If production design and cutting-edge stunt work were enough
to make a great movie, Mad Max: Fury Road
would be the cinematic event of the year. But even this adrenaline-fueled
action yarn has characters in it, and they are so sketchily drawn that it keeps
the film from being a total success, in spite of its many attributes.
Aussie director George Miller has lost none of the big, outlandish
ideas that made the original Mad Max and Max Max 2 (aka Road Warrior) role models for anyone staging car-chase scenes in
the 1980s. They exuded a raw, kinetic urgency that few other filmmakers were
able to duplicate, and most of what we saw was real, as CGI was yet to be
developed.
Miller has returned to this post-apocalyptic world for his
latest epic and made a point of using CGI as sparingly as possible, so we can
see that some of the most hair-raising stunts are actually being performed by
humans, in a wild menagerie of imaginatively outfitted cars and trucks.
Action junkies will get their fill, as the two-hour film
rarely pauses to take a breath. But as I watched the first act, I found myself
wondering why I felt a certain distance from the mayhem onscreen. Then I
realized: I didn’t care about any of the characters.
Tom Hardy’s Mad Max is a cypher. We learn, early on, that he
is driven by the desperate need to survive, and that he harbors terrible guilt
about the people close to him that he was unable to protect. That’s all we know.
Hardy has admitted in interviews that he didn’t understand what Miller wanted
of him during the long, arduous production of Fury Road. It shows.

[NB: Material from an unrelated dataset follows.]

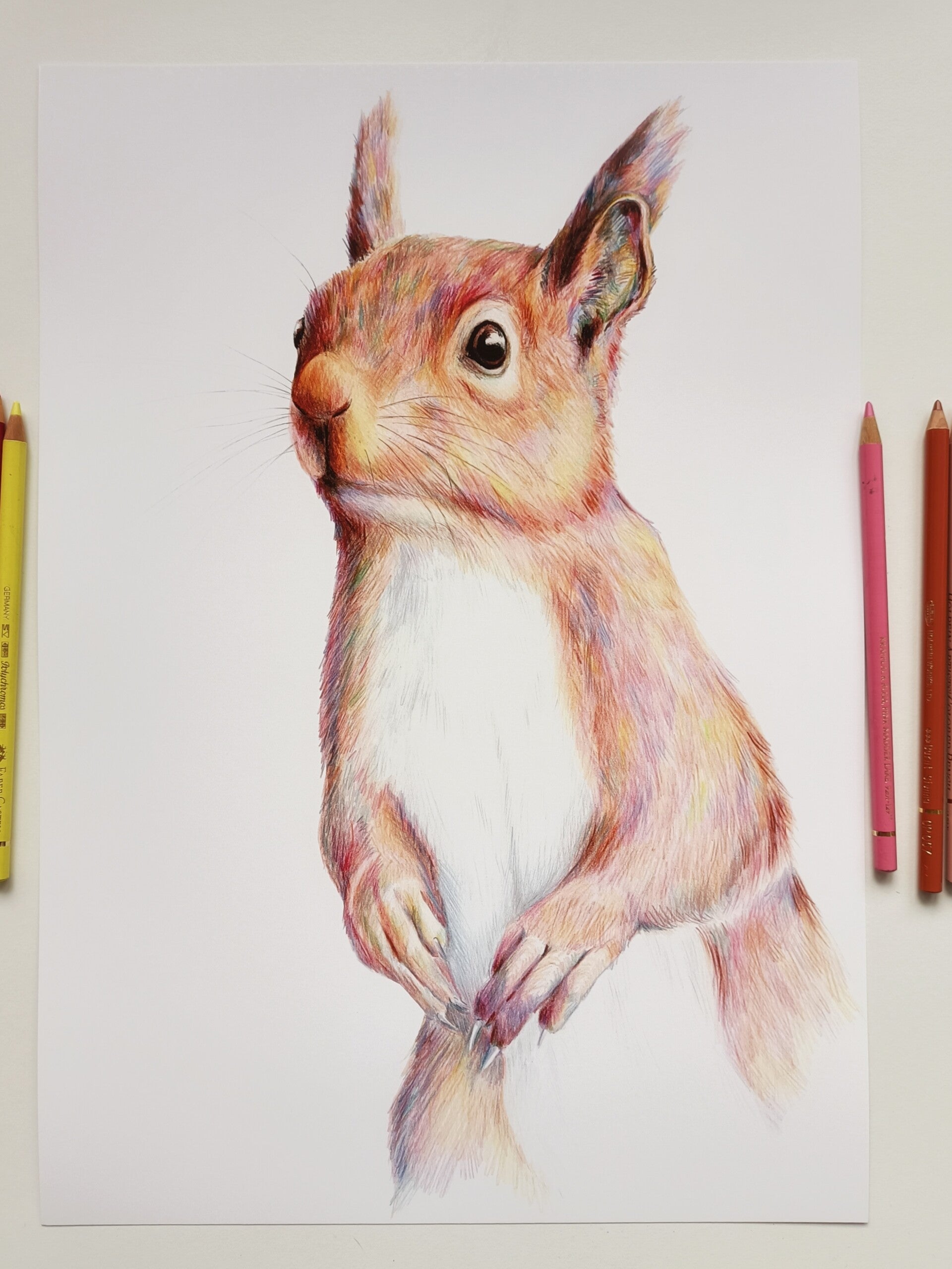 In 2023 experimenteerde ik met een hoop verschillende media. Een daar van was kleurpotlood. Deze eekhoorn tekende ik met een scala aan kleuren.
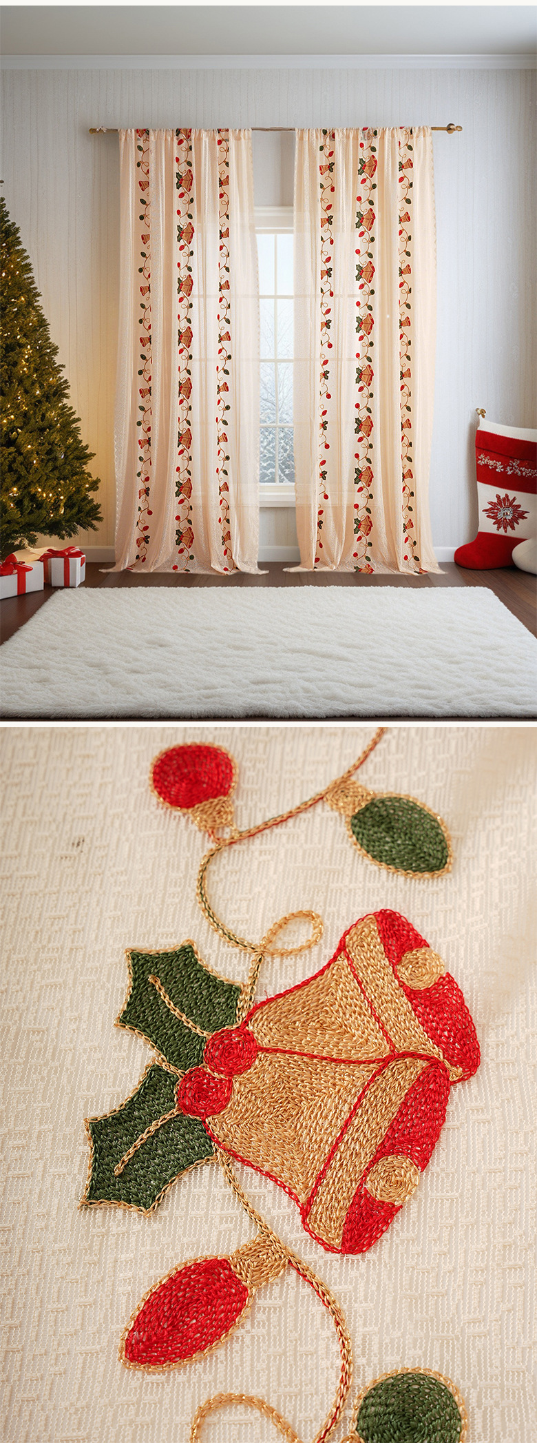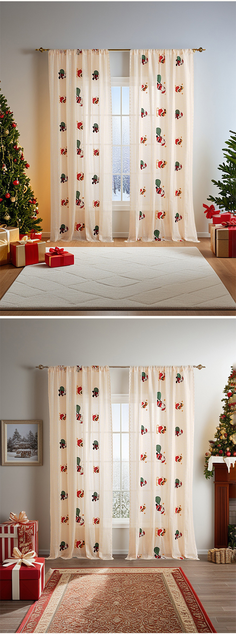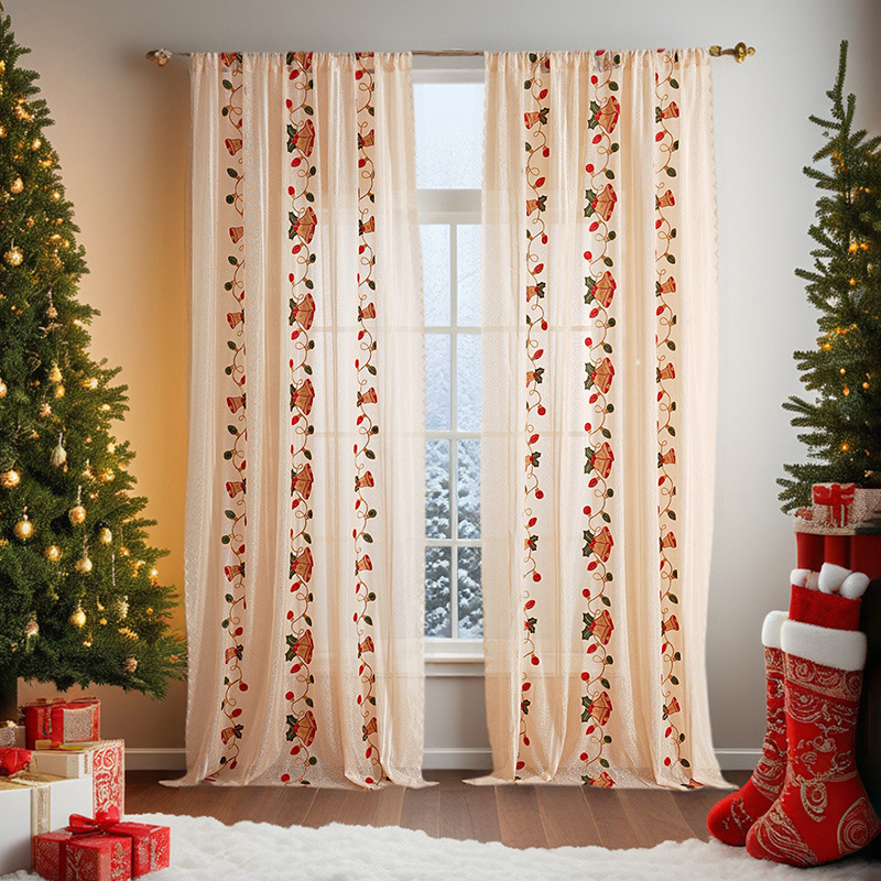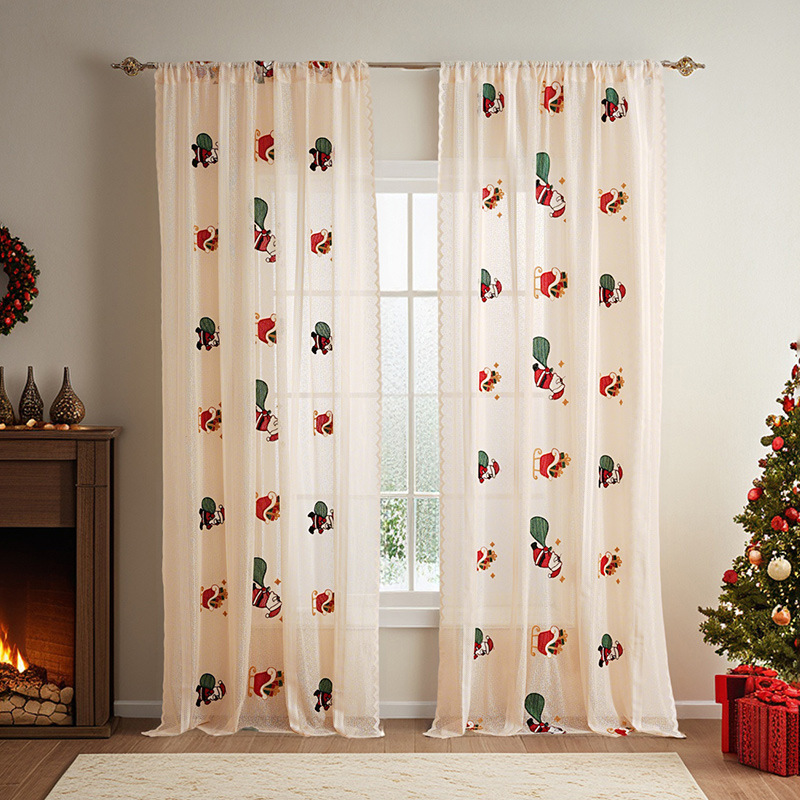 미국식 거실, 침실, 베드룸, 발코니, 거즈 커튼, 면 및 린넨 크리스마스 자수 커튼, 완제품 휴일 창문 커튼, 크로스보더 장식

Charlize Theron, game as ever, bears a magnificent name
(Furiosa) and the responsibility for helping a handful of concubines escape
from the clutches of megalomaniacal ruler Immortan Joe (Hugh Keays-Byrne, who
appeared in the first Mad Max movie
back in 1979). Theron gives a robust physical performance as a woman whose
steely determination and road smarts serve her well. It’s only toward the end
of the story that we learn what really motivates her.
The vast landscape against which the action unfolds fills
the giant screen; it would be criminal to see this for the first time on an
iPhone. The people responsible for production and vehicle design, makeup and
costuming, and the seamless interweaving of stunt work and CGI magic can be
proud of what they have accomplished. (I saw the film in 2-D and frankly, I was
glad; I can’t imagine how overpowering it will be in 3-D IMAX.)
By the final section of the film the pulse-pounding action
is almost unbearably exciting. I finally got involved as the story was winding
down and surrendered to the grip of Miller’s amazing achievement. Mad Max: Fury Road is a fanboy’s dream
come true, full of creepy, bizarre characters, even more bizarre road vehicles,
and propulsive energy. But I stop short of calling it a great movie because it
lacks heart and soul to match its abundant energy.